|
||||||||
|
Recent Photos
|
Re: The Problem with Expectations
by
Anonymous
Hi Al,
I'm wondering - what's the best way to deal with disappointment? F'rex: My H and I have recently started your Caring Days exercise. Yesterday, it was my turn to be cared for. I listed 6 things, he did 2 of them during the day and 2 more right at bed time. 2 things didn't get done at all. The point of the exercise is not that ALL things should be done, so it would seem that this is an example of a rather decent performance of the exercise.
Still, I had a hard time keeping myself from feeling disappointed. Of course, the 2 things he didn't manage to do were the 2 things that I wanted most. :)
My first instinct is to ask him to be more vocal about the requests. I feel fine if he doesn't manage to do all of them, as long as he acknowledges they're there, and hasn't just 'forgotten' them. "Honey, I know you wanted to go out for a walk in the park tonight, but I really have this thing from work and I'll be distracted and stressed if I don't finish this first." Or even, "Sorry, I didn't manage to get you flowers because I completely forgot about it until I walked in the door."
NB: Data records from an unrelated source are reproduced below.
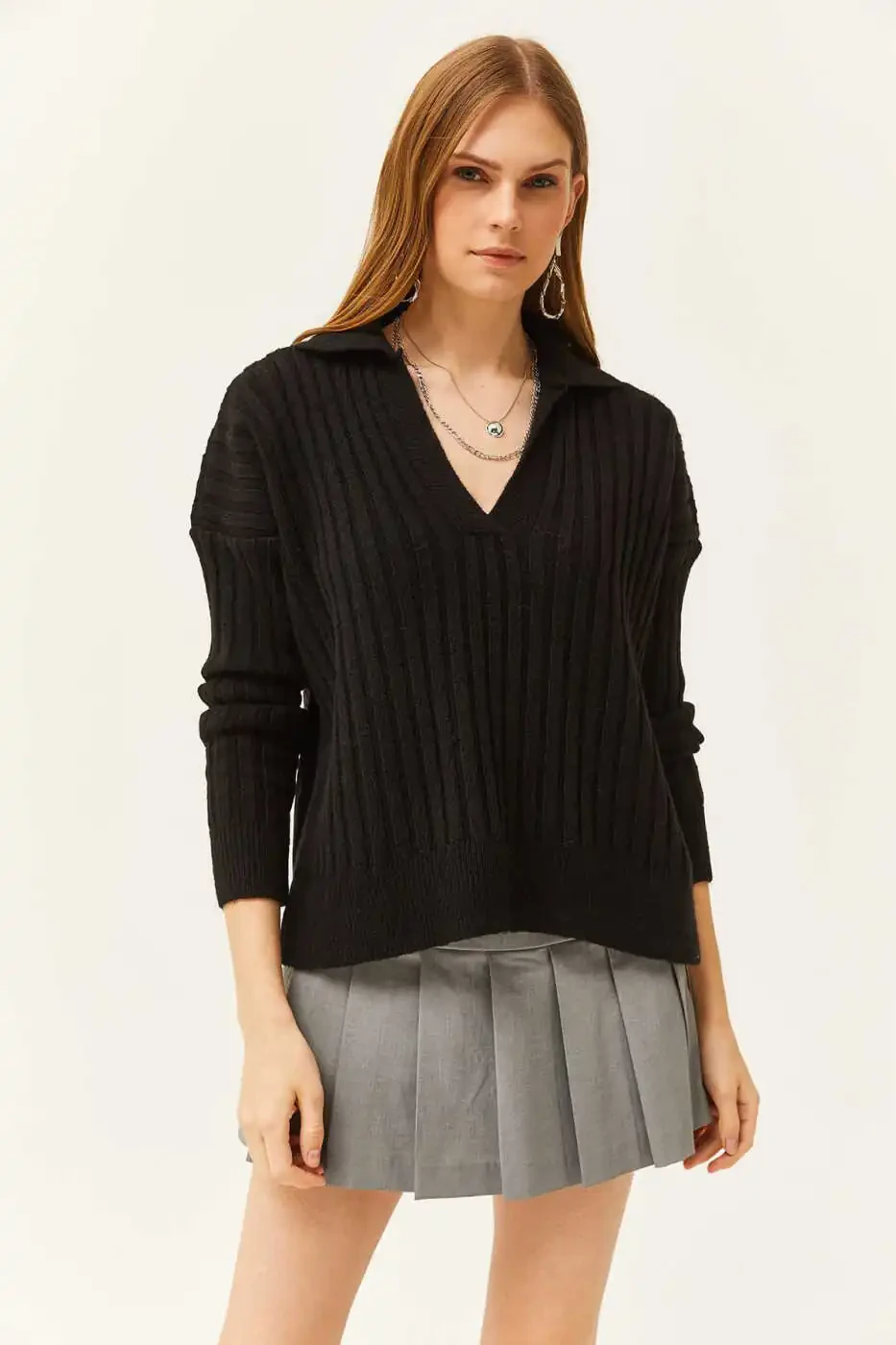 Ayollar uchun qora polo yoqali sviter | Zamonaviy va qulay | Trendyol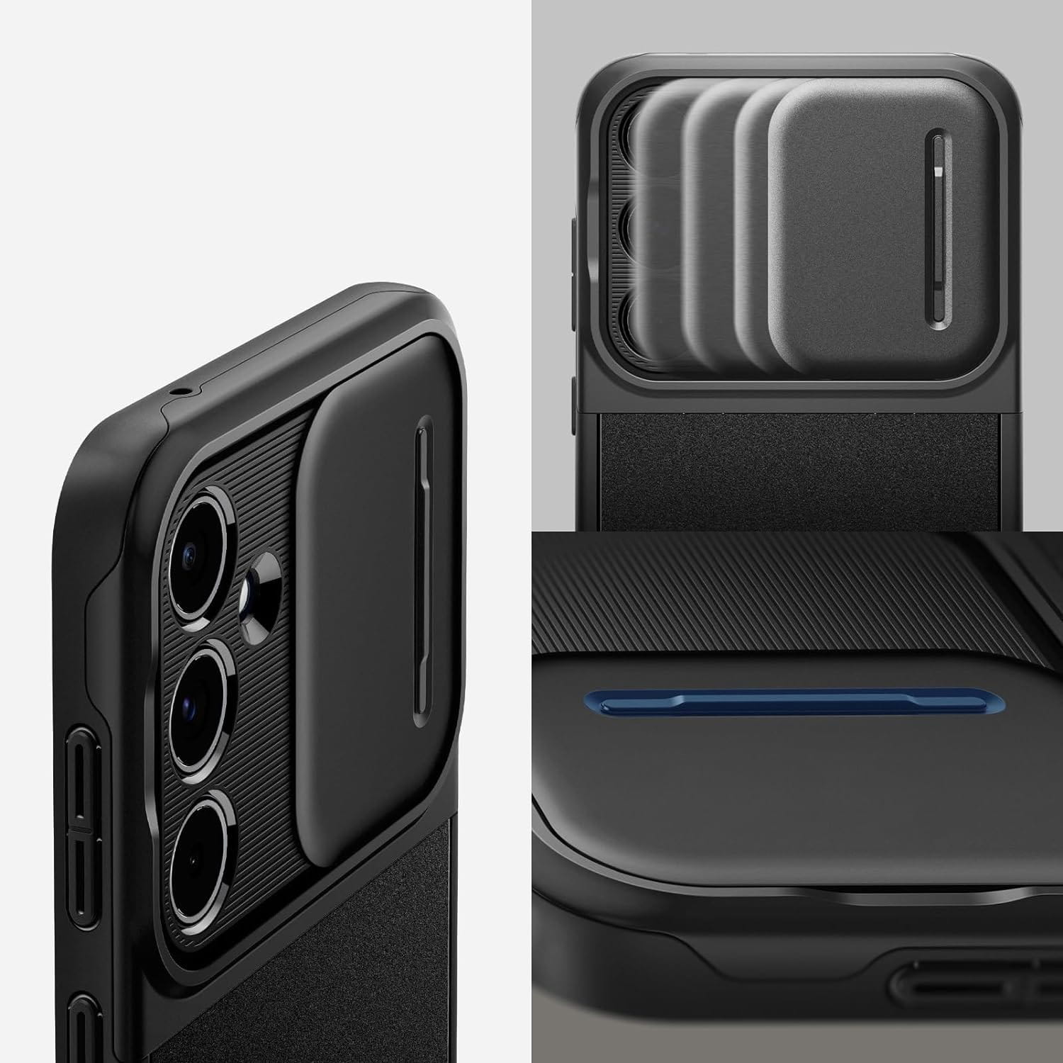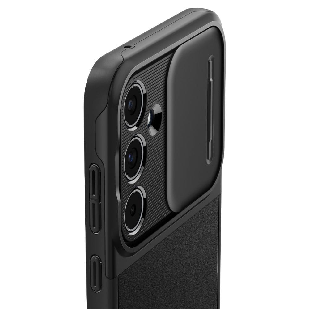 Nowoczesne etui od marki Spigen z serii Optik Armor charakteryzujące się mocną, poliwęglanową osłoną na wyspę aparatów urządzenia z przesuwnym panelem, pozwalającym na całkowite zakrycie sekcji obiektywów dla jeszcze większej ochrony kamer.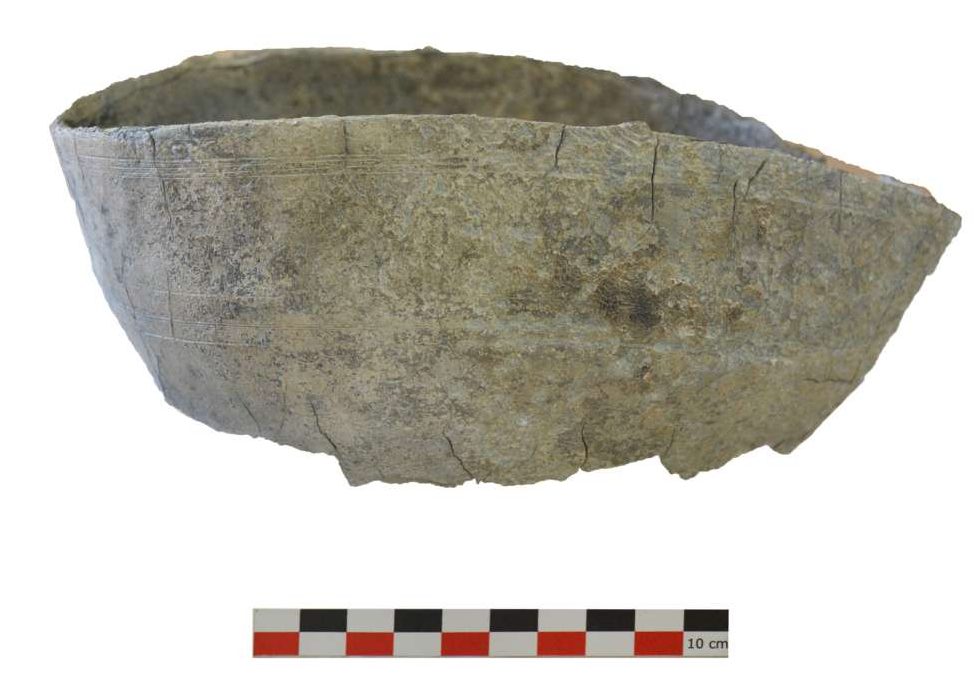 Κάτω από το διαταραγμένο δάπεδο της αψίδας ήλθε στο φως στρώμα θραυσμένων πρωτοβυζαντινών αγγείων: κοντόχοντρες χύτρες με καρινωτό περίγραμμα που προκαταρκτικά χρονολογούνται μάλλον στον 5ο αι., χωνοειδές στόμιο σφαιρικού αμφορέα τύπου Late Roman Amphora 2, αλλά κυρίως πληθώρα θραυσμάτων από το σώμα κυλινδρικών αμφορέων τύπου Late Roman Amphora 1 με αυλακωτή διακόσμηση που χρονολογούνται κυρίως στον 6ο αιώνα και ως τις αρχές του 7ου , και φαίνεται να οριοθετούν το terminus ante quem της οικοδόμησης της βασιλικής. Κάτω από το στρώμα αυτό και στον διαμήκη άξονα του ναού, αποκαλύφθηκε μικρό ορθογωνικό λάξευμα στον φυσικό βράχο με την μορφή θήκης με καλυπτήρια πλάκα. Πρόκειται προφανώς για το εγκαίνιο του ναού, αφού στο εσωτερικό του αποκαλύφθηκε μολύβδινο σωληνωτό αντικείμενο με περιεχόμενο που τώρα ερευνάται. Η βασιλική βρίσκεται εν λειτουργία τουλάχιστον έως τον 7ο αιώνα, χωρίς να μπορεί να αποκλειστεί και οψιμότερη χρήση της.

As you may guess, it's a sore spot for me. He often promises things and doesn't come through - either 'forgetting' completely or starting at the last possible minute and then (understandably) finding out that the thing he promised to do won't take that short a time! Then he wants to reschedule, which would have been fine by me if he'd asked me before the promised date, instead of on or after it. Now, I'm still willing to reschedule, but I really want a hug and a 'yeah, I messed up today. Forgive me?' or something like that. He hates being reminded or asked for plans, and he hates apologising, but I hate just KNOWING that he'll renege on a particular promise and just having to sit there & watch it happen. And still he's frustrated when he gets the idea that I don't trust him! I'm sure that's not a nice realisation, and I do trust him with a lot of things, but not always with his word.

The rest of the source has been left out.